When the air turns crisp and the leaves begin to change, we can’t help but think of all the fun activities that come with the fall season. Football games, bonfires, hot cocoa and warm apple cider, trips to the mountains and – most importantly – Thanksgiving!

An American tradition every year on the fourth Thursday in November, families get together around dinner and celebrate with a bountiful meal. While this is usually a fun time for all involved, it can prove to be a stressful experience for the host of the dinner. Whether it’s your first time or hundredth time hosting, we have supplied you with some tips and tricks to pull off Thanksgiving dinner flawlessly!

1. Keep a running guest list.
After deciding you want to take on Turkey Day, you need to immediately get an idea of how many guests will be coming over. If this is a formal affair for you, send invitations or create an event on Facebook. Whichever method you choose to invite your family and friends, just make sure you ask that they give you a definite answer.

One of the most frustrating things of any dinner party is keeping the running list of guests. People may cancel, they may say they are coming and then don’t show up, or you might not hear anything from them until the day of. Even with all of this, a good host should always be prepared.

2. Never turn down help.
Only a rookie dinner host would turn help down! You may think a perfect host masters it all, but a true host knows when to let others help.
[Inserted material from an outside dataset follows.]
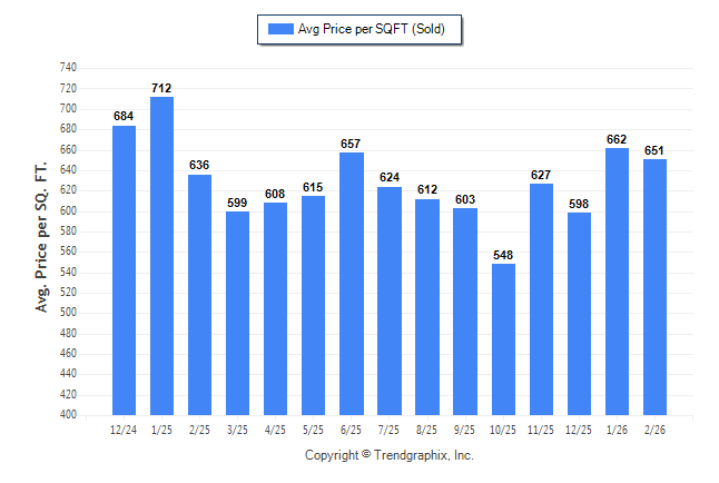 February 2026 Average Sold Price per Square Footage was Neutral**

If you think about it, Thanksgiving is like a large potluck dinner, of sorts. Does your mother have a to-die-for pecan pie? Perhaps only your uncle makes the most succulent bird. If that’s the case, great; let them bring those food items!

You may even want to take it a step further and ask each guest to contribute in some way to the dinner. This could mean they bring a side dish, dessert, wine, or whatever else they like. However, if you do want to go this route, make sure you let the guests know about this ahead of time. If you send out invitations, include the rules on there. Otherwise, when it’s decided Thanksgiving will be at your place this year, call, email, and text the guests so they can plan ahead.
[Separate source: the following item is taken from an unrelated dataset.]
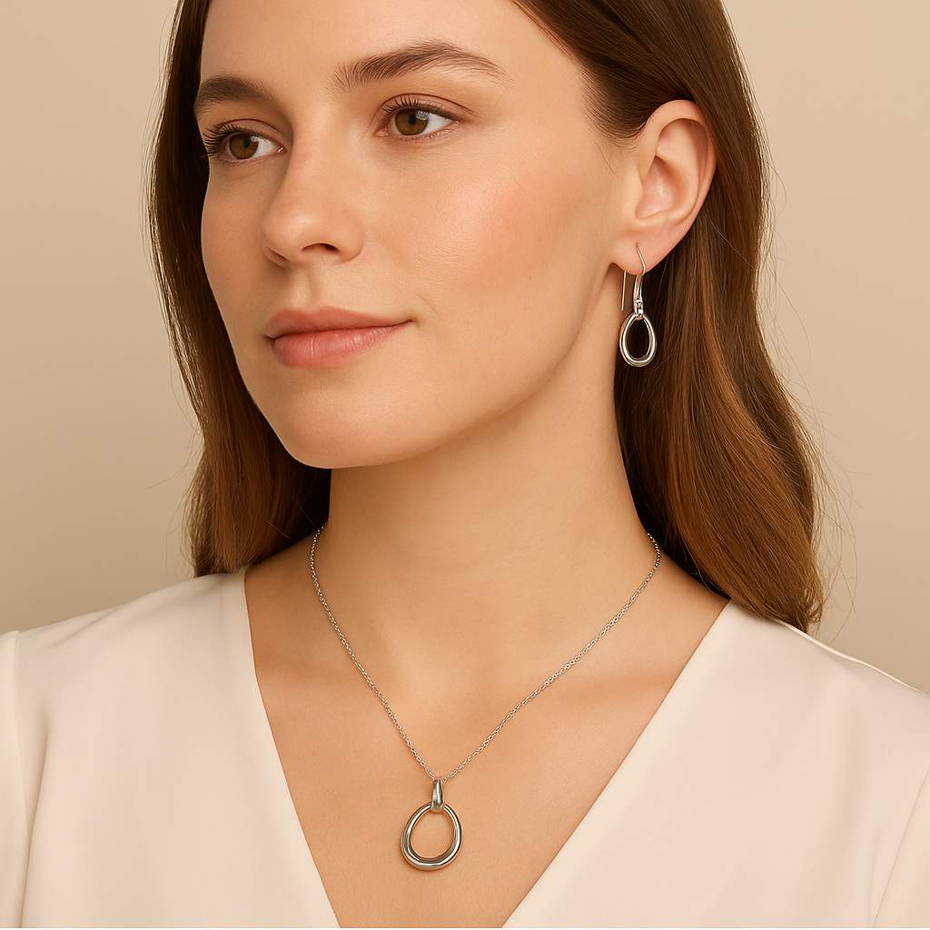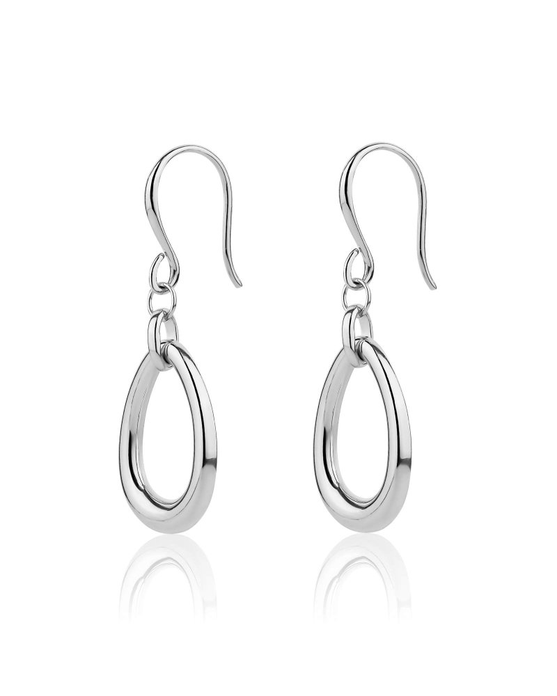 These refined earrings are crafted in 925 sterling silver, featuring a sleek open oval drop that moves gracefully with every step. Designed with a polished finish, they capture the light beautifully while maintaining a timeless simplicity.

3. Make as much food ahead as possible.
Another vital thing to remember: Try to make as many dishes as possible the night before. You don’t want to spend the morning scrambling around the kitchen trying to make sure every dish is ready by the time the guests arrive.

4. This is not the time to experiment.
There may be a killer recipe you’ve wanted to try, but Thanksgiving dinner, or any dinner party, is not the time to experiment. Stick to the recipes that you know are a hit.

If you are really itching to try a new dish, make sure you make it a couple of time before the big dinner. Try it out with family or friends to make sure it’s a crowd pleaser.

5. Decorate the night before.
If you have banners you want to hang, a centerpiece you have to put together, or any other decorations, do so the night before. This way, when the guests arrive, everything will be set to go. Set the table, place name cards in the plates, create your playlist, and do anything else that adds to the atmosphere.

6. Have drinks ready to go.
Before the guests arrive, have the wine, cocktails, and any other drink option set up and ready to go. Designate an area of one room as the bar and provide glasses, cocktail napkins, and drink choices for your guests.

This makes it easy for everyone to choose what he or she wants to drink, without bothering you. Guests will mingle with each other, which leaves you able to finish adding any extra touches in the kitchen.

7. It’s okay to buy some food.
If you suspect that you may end up with extra guests, or perhaps you just didn’t have time to bake rolls, it’s okay to buy a couple of extra items. The chances are slim that anyone will actually notice and, if it helps make your life easier, why not?

8. Have fun!
It is a holiday, after all! Even if you were stressed the night before, relax and enjoy your company once the guests arrive. When the host is happy, everyone tends to be happy.